嬴子蘇也是嘴角微微上揚,他也是隱約猜到韓非有可能在猜忌他的身份。
誰讓秦國凶名的影響對六國造成的衝擊實在是太大了,這從秦國來的人,不論你是商人還是平民百姓,那六國都跟提防賊一樣有些排斥秦國人。
當初嬴政讓他售賣綢緞也是想到了六國會猜疑到他是代表著秦國政權,隻有出售綢緞的商賈可以打消這個疑慮。
因為在秦國,出售綢緞的商賈實在是太多了,在福利製度的加持下,隻能會是有更多的商賈選擇加入這個行業。
而且不僅僅是秦國本土的商賈進軍這個行業,就連六國的一些商賈聽到秦國有這福利製度也是紛紛來到秦國做生意。
長此以往,六國的各大王宮裏也是慢慢選擇了來自秦國的綢緞,因為秦國的質量最好。
如果說六國人排斥的是秦國人,那這當中絕不排斥秦國售賣綢緞的商人,那些貨物可是要進貢宮中的,有誰敢排斥和阻攔。
這也是為何幾日前在新政城門前,那盤查的什長在知道了嬴子蘇是售賣綢緞的商人後也是不敢造次。
“在下算是鹹陽城裏做這綢緞產業的第一人吧。
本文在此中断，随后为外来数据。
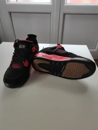 Zapatillas Jordan en colores negro y rojo. Son un modelo muy ligero y transpirable, perfectas tanto para uso diario como para entrenar. Tienen un diseño de media caña que ofrece un gran soporte al tobillo y el icónico logotipo Jumpman bordado en el lateral. Se encuentran en buen estado general, con las marcas naturales de uso que se ven en las fotos, pero muy bien cuidadas y con la suela íntegra. ¡Una oportunidad genial para tener unas Jordan originales a buen precio! Hago envíos rápido.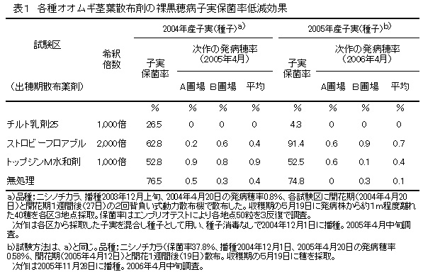 表1 各種オオムギ茎葉散布剤の裸黒穂病子実保菌率低減効果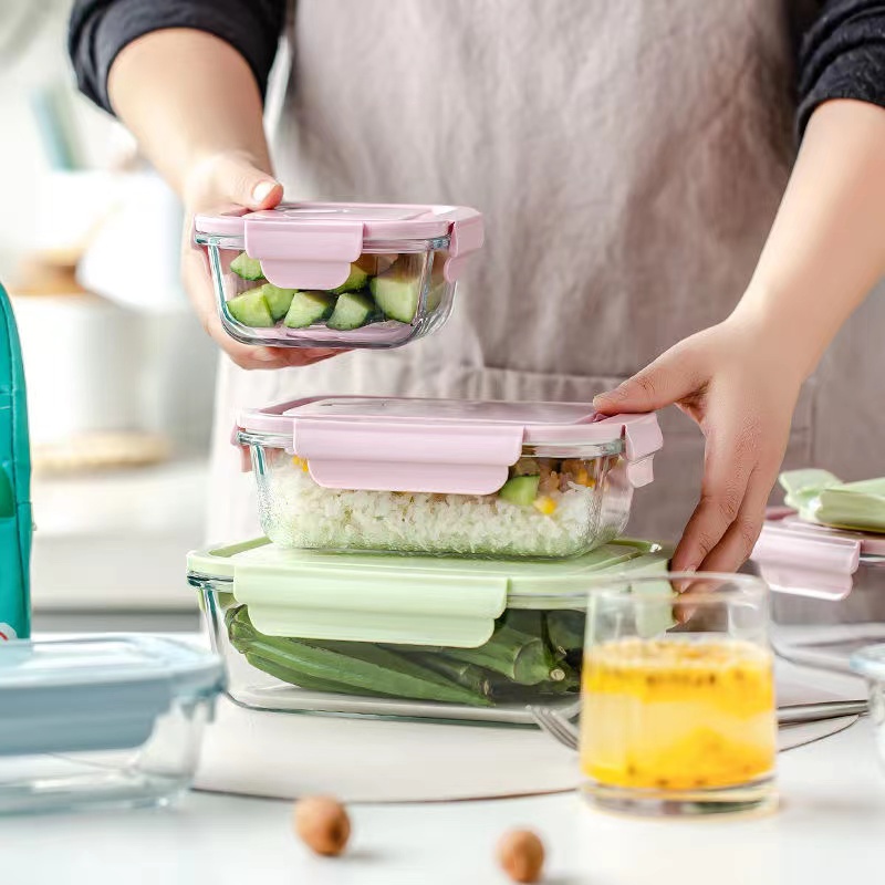 99KHOME Kotak Bekal Makan Kaca Tahan Panas Transparan Glass Bento Lunch Box H416

”嬴子蘇笑笑接著說。
“這也是聽說不少同行商賈有將綢緞遠銷六國的情況,於是也想試試可不可行,若是能將我趙家的綢緞的名號打響六國,那自然是再好不過了。”
韓非抽口冷氣,“沒想到趙商人竟然是這鹹陽城裏售賣綢緞的第一人,確實是韓非走眼了。”
“趙商人找韓非可是為了進貢綢緞一事?”韓非又問說。
嬴子蘇笑著點頭,“的確一部分是有這原因,但還有一原因是為了見一個人,那人是韓王的寵信韓賢。”
韓非臉色驟變,“韓賢?”
“趙商人可知這韓賢是什麽人麽?”韓非長吐口氣,“這韓賢的名聲在韓國的朝廷裏可不好,因為他是個小人。”